Leave out the pictures and repeat the data exactly.
(Beginning of Information supplied)
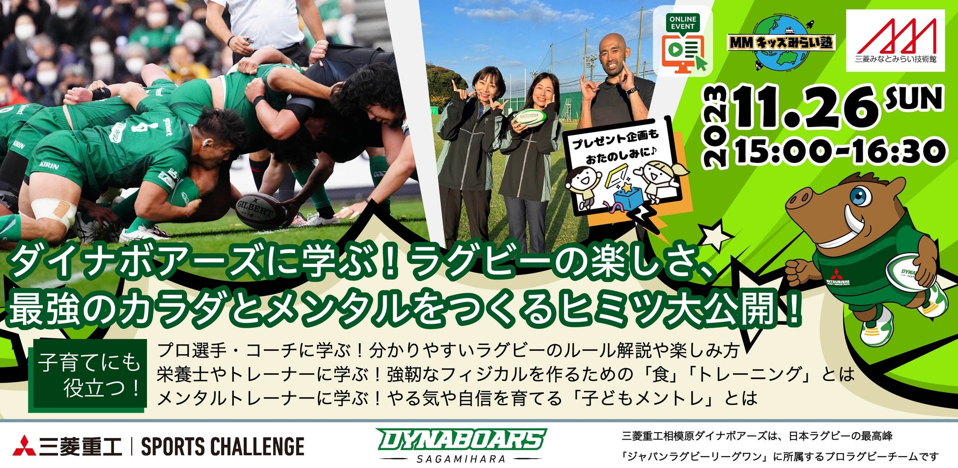 11/26(日) 三菱みなとみらい技術館「 MMキッズみらい塾 第16弾! 三菱重工スポーツチャレンジ紹介編 ダイナボアーズに学ぶ!ラグビーの楽しさ、最強のカラダとメンタルをつくるヒミツ大公開!」無料
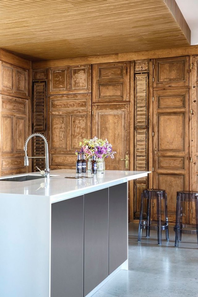 Muchos de los elementos que decoran la casa, tanto a nivel arquitectónico como decorativo, tienen procedencia marroquí. Los azulejos de los baños son un ejemplo, también los pavimentos que recorren parte de los suelos, o la sucesión de platos azul índigo que se descuelga por la pared del vestíbulo.
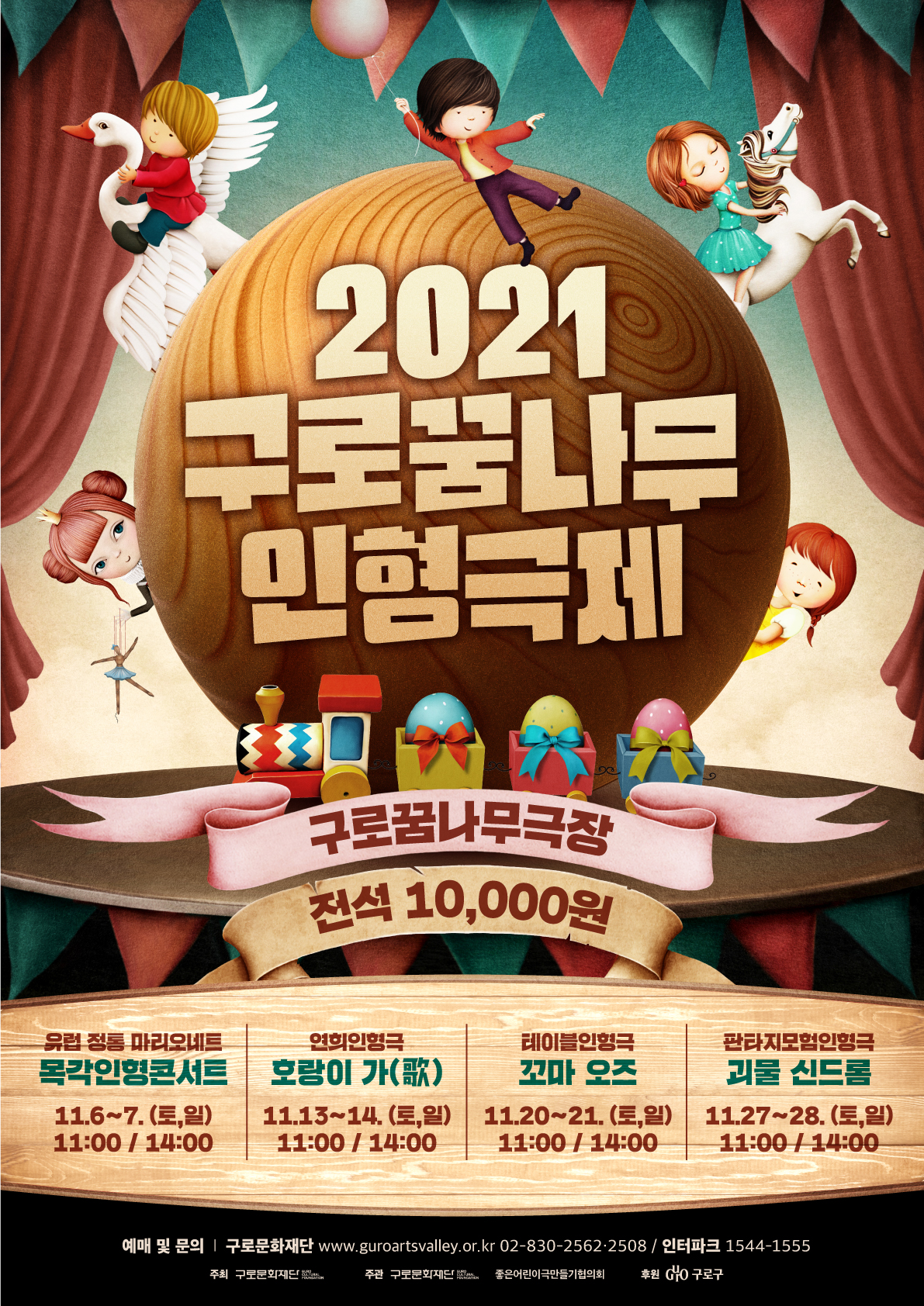 더불어 어린이 공연 및 교육프로그램으로 특화된 ‘구로꿈나무극장’에서 '2021 구로꿈나무인형극제'가 6일부터 28일까지 매 주말마다 색다른 4개의 작품이 선보인다. 유럽의 ‘마리오네트’ 인형과 한국의 한지를 이용해 만든 인형 등 여러 국적의 인형들이 생생히 살아 움직이는 모습을 극장에서 볼 수 있다.
(End of Information supplied)
**Response:**
 11/26(日) 三菱みなとみらい技術館「 MMキッズみらい塾 第16弾! 三菱重工スポーツチャレンジ紹介編 ダイナボアーズに学ぶ!ラグビーの楽しさ、最強のカラダとメンタルをつくるヒミツ大公開!」無料
 Muchos de los elementos que decoran la casa, tanto a nivel arquitectónico como decorativo, tienen procedencia marroquí. Los azulejos de los baños son un ejemplo, también los pavimentos que recorren parte de los suelos, o la sucesión de platos azul índigo que se descuelga por la pared del vestíbulo.
 더불어 어린이 공연 및 교육프로그램으로 특화된 ‘구로꿈나무극장’에서 '2021 구로꿈나무인형극제'가 6일부터 28일까지 매 주말마다 색다른 4개의 작품이 선보인다. 유럽의 ‘마리오네트’ 인형과 한국의 한지를 이용해 만든 인형 등 여러 국적의 인형들이 생생히 살아 움직이는 모습을 극장에서 볼 수 있다.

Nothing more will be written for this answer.